В Англии существовала тенденция к усвоению аристократических черт торговой и промышленной элитой. Все рассказы про Англию до 1914 г. и даже после того создают впечатление, будто акры зеленых холмов и деревенский дом были абсолютно необходимы для политического и социального возвышения. Однако примерно с 1870-х годов земельная собственность все больше становилась признаком статуса, чем подлинным основанием политической власти.

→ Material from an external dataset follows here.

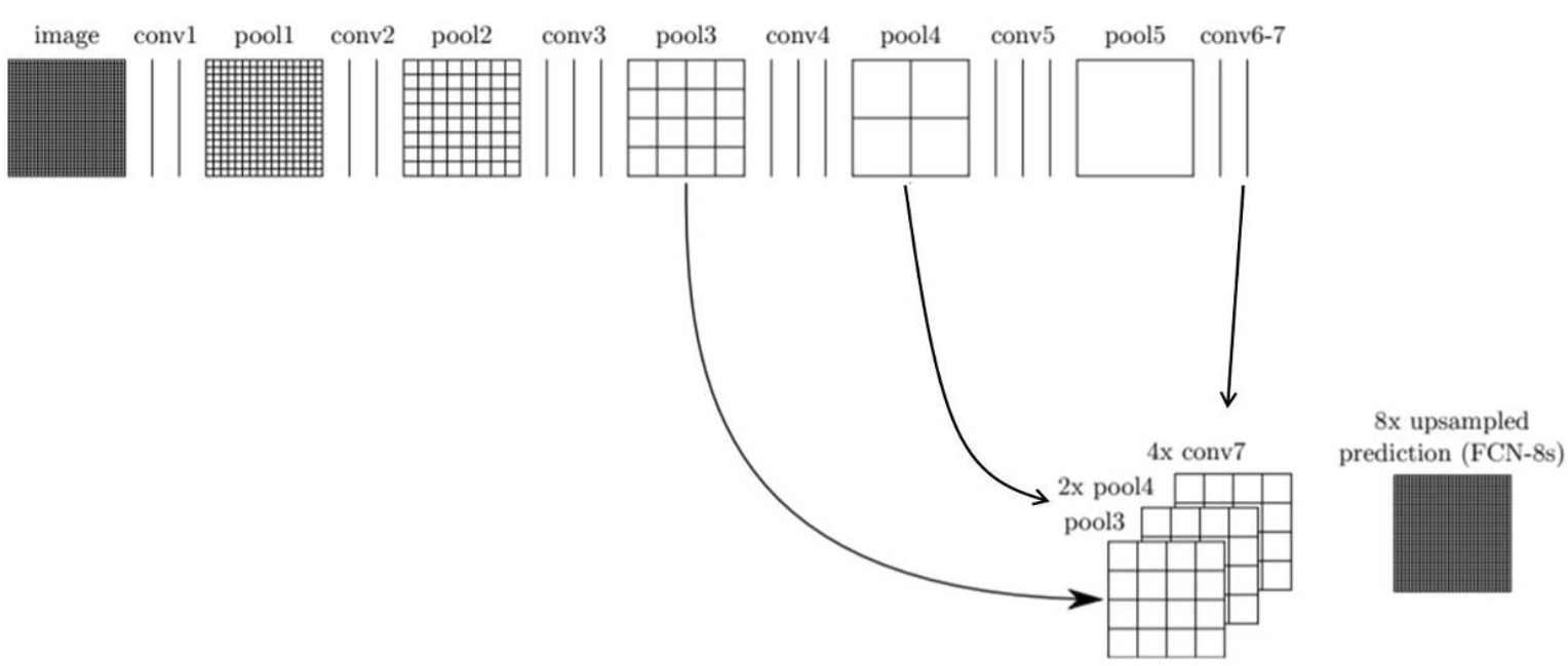 (pool3 + 2xpool4 + 4xcon7)을 8배 upsampling을 해 얻은 특성맵들로 segmentation map을 얻는 방법을 FCN-8s라고 부릅니다.

В это время отчасти из-за большей доступности для Европы заокеанского зерна после Гражданской войны в Америке и в результате развития пароходства наступает аграрный спад, серьезно ослабивший экономическую базу верхней страты землевладельцев.[34] Примерно то же самое случилось в Германии, что дает повод для еще одного поучительного сравнения между этими двумя странами. Для сохранения своих позиций и в целях формирования единого аграрного фронта с крестьянами-собственниками в остальной Германии немецкие юнкеры могли положиться на помощь государства. В Германии никогда не было ничего подобного отмене Хлебных законов. Напротив, ведущие секторы промышленности присоединились к «альянсу стали и ржи» (окончательно оформленному в тарифной политике 1902 г.), получив свою долю прибыли в программе строительства флота. В целом коалиция юнкеров, крестьян и промышленных интересов, сложившаяся вокруг программы империализма и реакции, имела катастрофические последствия для немецкой демократии. В Англии конца XIX в. подобный союз не мог появиться. Империалистическая политика Англии уже имела долгую историю. Она могла быть альтернативой и даже, возможно, дополнением к политике свободной торговли, но не совершенно новым социальным феноменом эпохи развитого капитализма.[35] Для решения аграрных проблем консервативные правительства в 1874–1879 гг. приняли лишь незначительные паллиативные меры; либералы после 1880 г. все пускали на самотек либо активно попирали интересы аграриев [Clark, 1962, р. 247–249]. В общем и целом сельскому хозяйству было предложено действовать самостоятельно, т. е. совершить почетное самоубийство не без некоторых возвышенных стенаний. Вряд ли бы до такого дошло, если бы к тому времени высшая страта в Англии уже не перестала быть преимущественно аграрной. Экономический базис сдвинулся в промышленность и торговлю. Дизраэли и его последователи доказали это; посредством некоторых реформ народную поддержку консерватизму можно было сохранять и обеспечивать в демократическом контексте. Предстояли еще битвы, например атака Ллойд Джорджа на титулованную аристократию в его бюджетной политике 1909 г. и разразившийся в связи с этим конституционный кризис. Но несмотря на все эмоции, к этому времени аграрная проблема и тема власти землевладельческой аристократии отошли на второй план, уступив место новым вопросам о способах включения промышленных рабочих в демократический консенсус.